[Assigned task]: Please transcribe the data exactly as shown, skipping the images.

[Dataset section]:

_ _ _

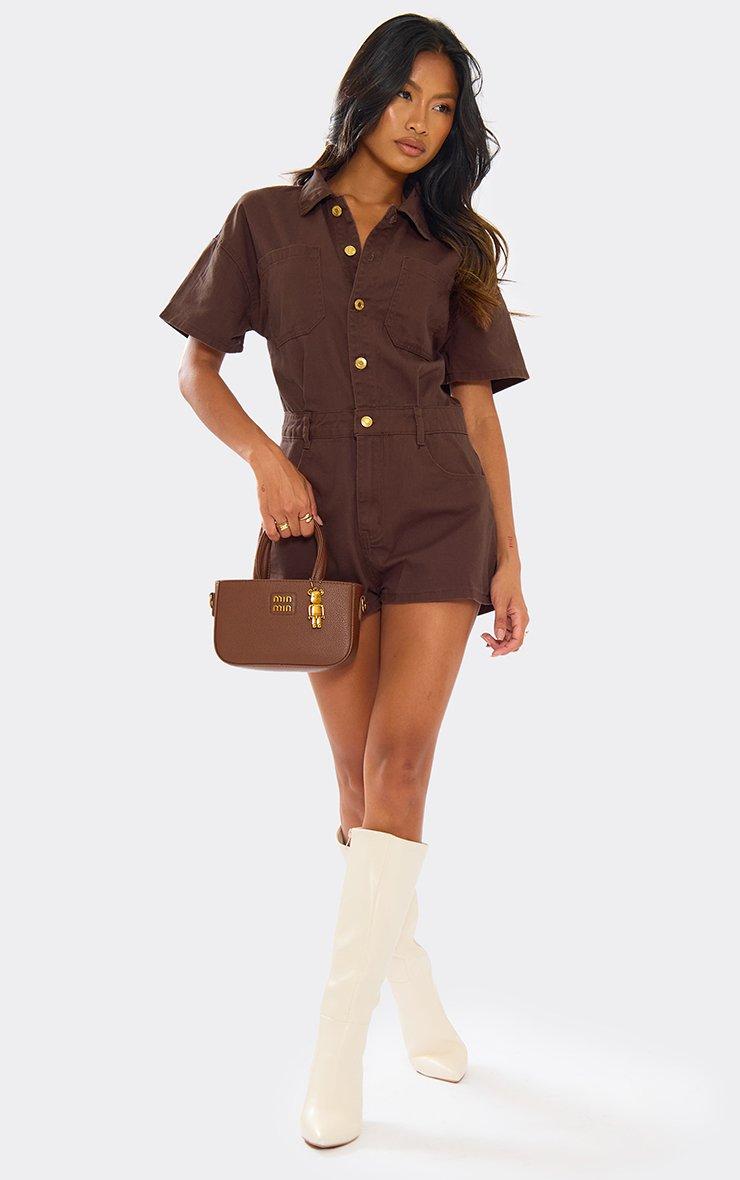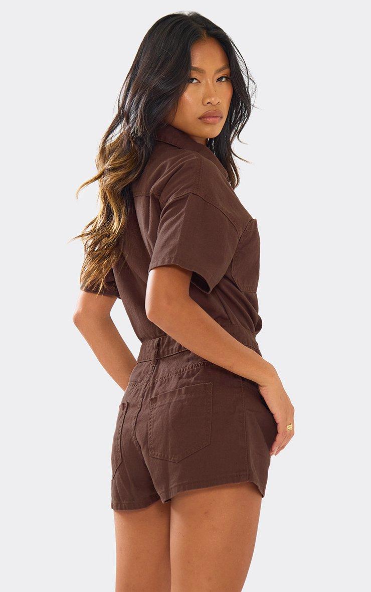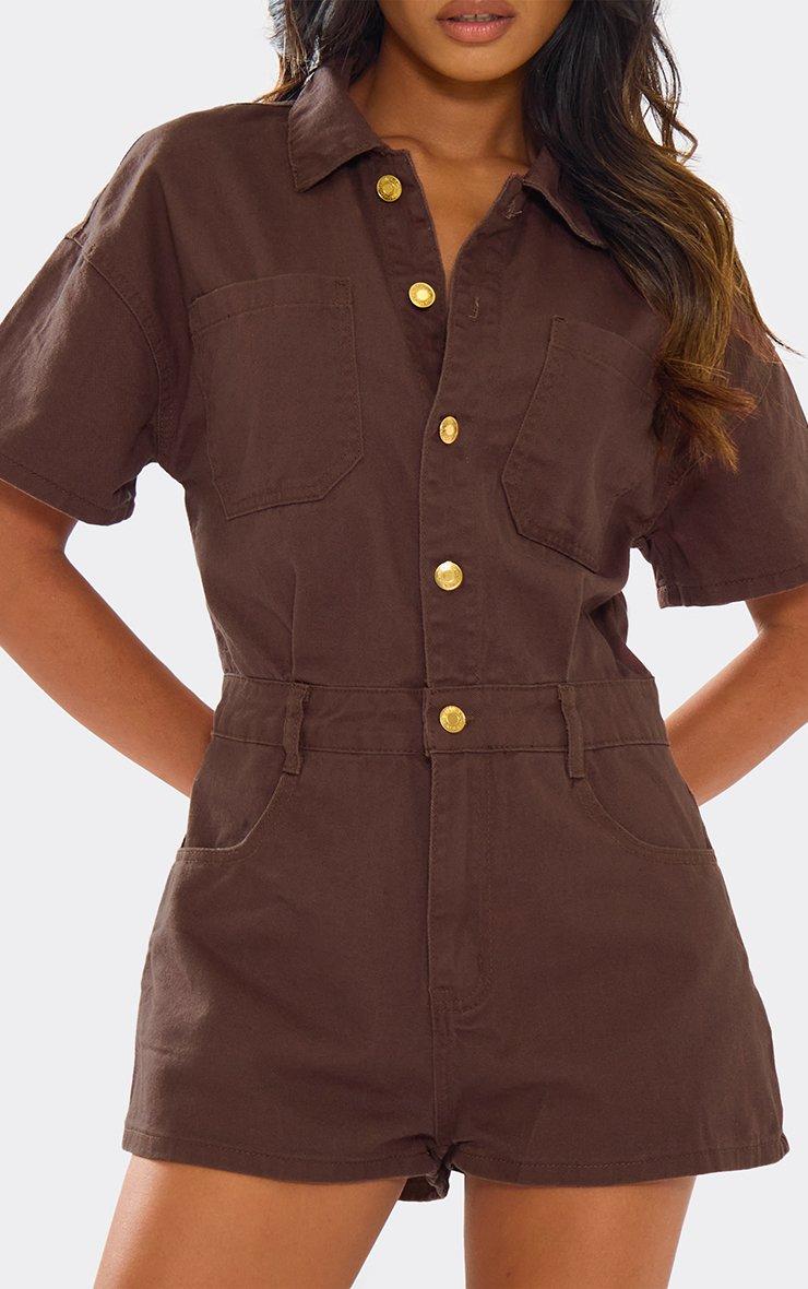 Short Sleeve Collared Button Down Playsuit In Brown Denim
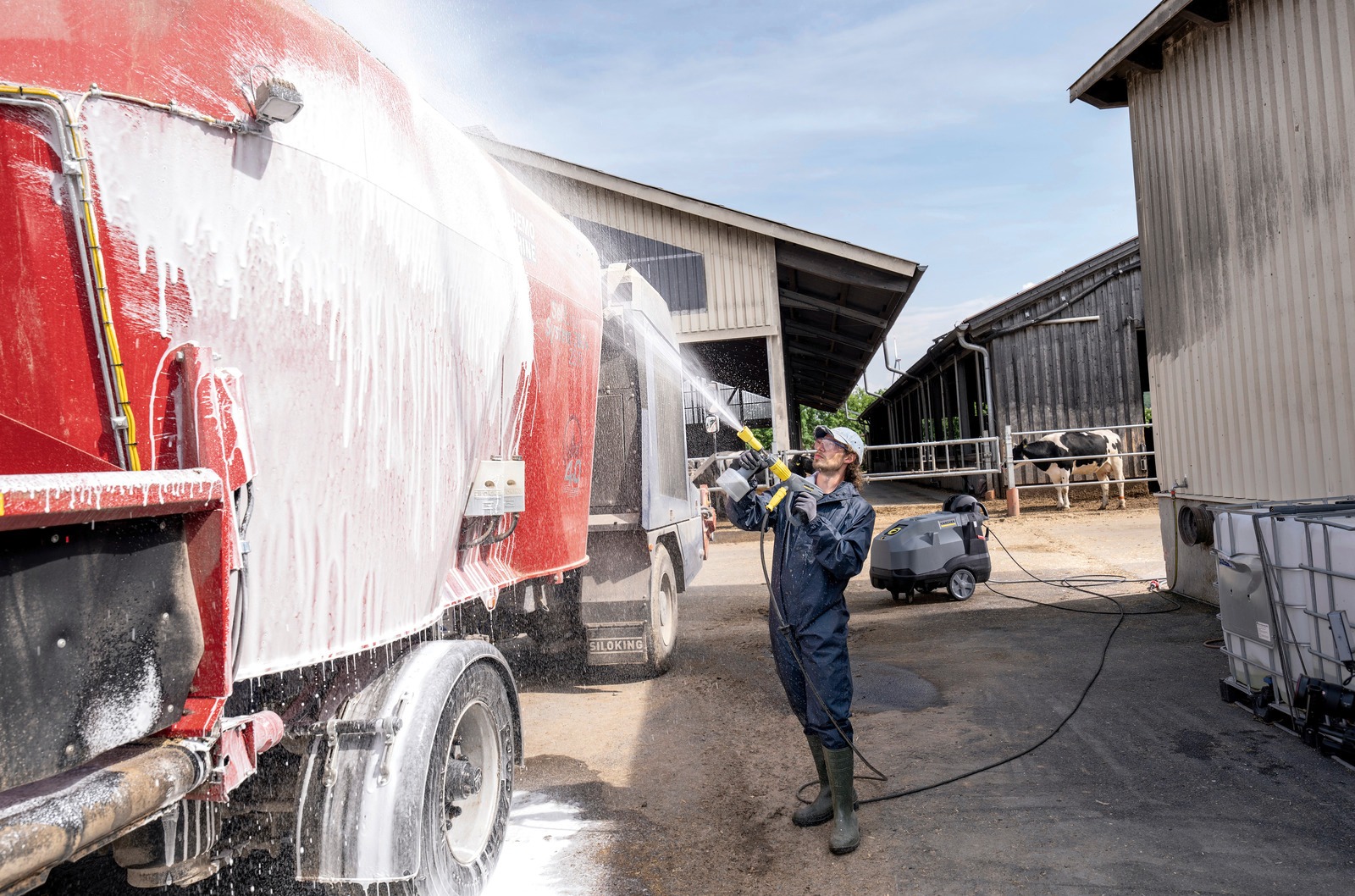 Nettoyeur haute pression à eau chaude simple d'utilisation et performant avec moteur électrique à 4 pôles refroidi par eau, mode eco!efficiency économique et deux réservoirs à détergent.
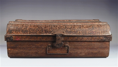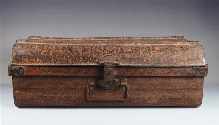 在海南省万宁市兴隆华侨农场的展览馆里有这样一只箱子,铁皮制,通长71cm,通宽38cm,通高25cm,箱盖上有两条凸出的方棱,箱盖与箱体连接处有凸出的边沿,可见三角形图案纹饰。箱体外无漆,有波浪形条纹,呈自然铁锈色,箱体内涂有一层细腻的红色漆面。此箱品相完好,做工精湛,是兴隆华侨农场职工、马来西亚归侨陈春成捐赠的。
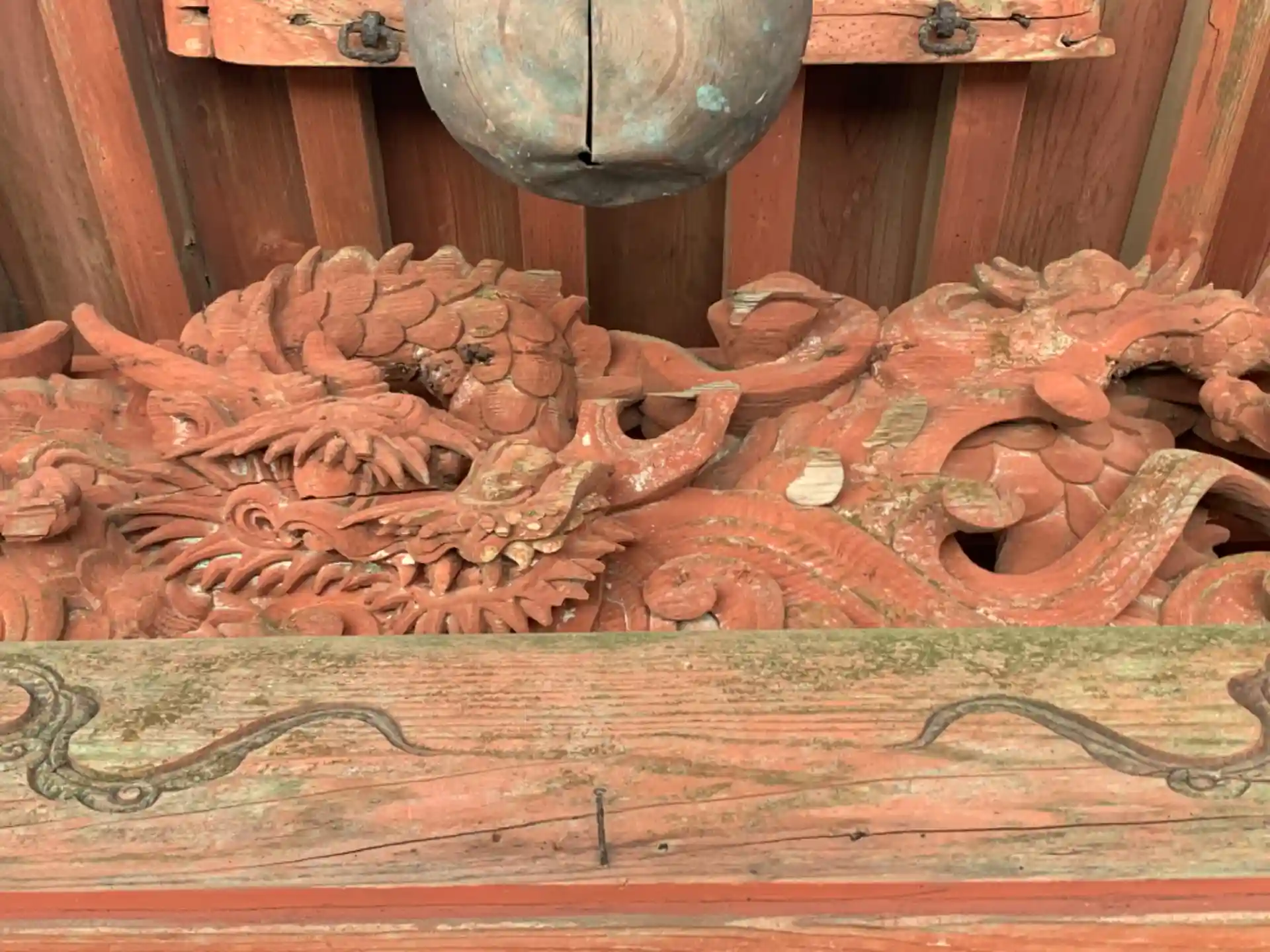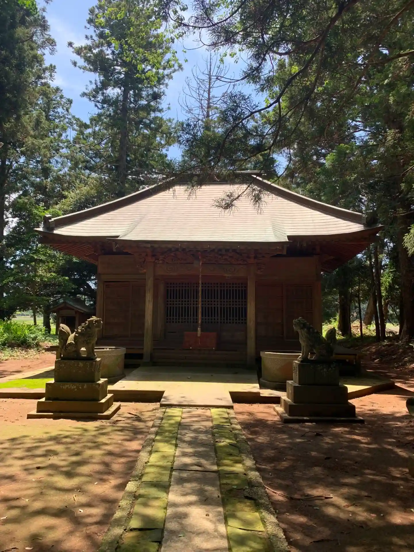 川島地区のY字路にある大きめの神社。宝珠型の立派な狛犬を備え、龍の彫刻も素晴らしいです。羽子板のような板に巻物をくっつけた謎のオブジェクトがありました。

_ _ _

[Response area]:
 Short Sleeve Collared Button Down Playsuit In Brown Denim
 Nettoyeur haute pression à eau chaude simple d'utilisation et performant avec moteur électrique à 4 pôles refroidi par eau, mode eco!efficiency économique et deux réservoirs à détergent.
 在海南省万宁市兴隆华侨农场的展览馆里有这样一只箱子,铁皮制,通长71cm,通宽38cm,通高25cm,箱盖上有两条凸出的方棱,箱盖与箱体连接处有凸出的边沿,可见三角形图案纹饰。箱体外无漆,有波浪形条纹,呈自然铁锈色,箱体内涂有一层细腻的红色漆面。此箱品相完好,做工精湛,是兴隆华侨农场职工、马来西亚归侨陈春成捐赠的。
 川島地区のY字路にある大きめの神社。宝珠型の立派な狛犬を備え、龍の彫刻も素晴らしいです。羽子板のような板に巻物をくっつけた謎のオブジェクトがありました。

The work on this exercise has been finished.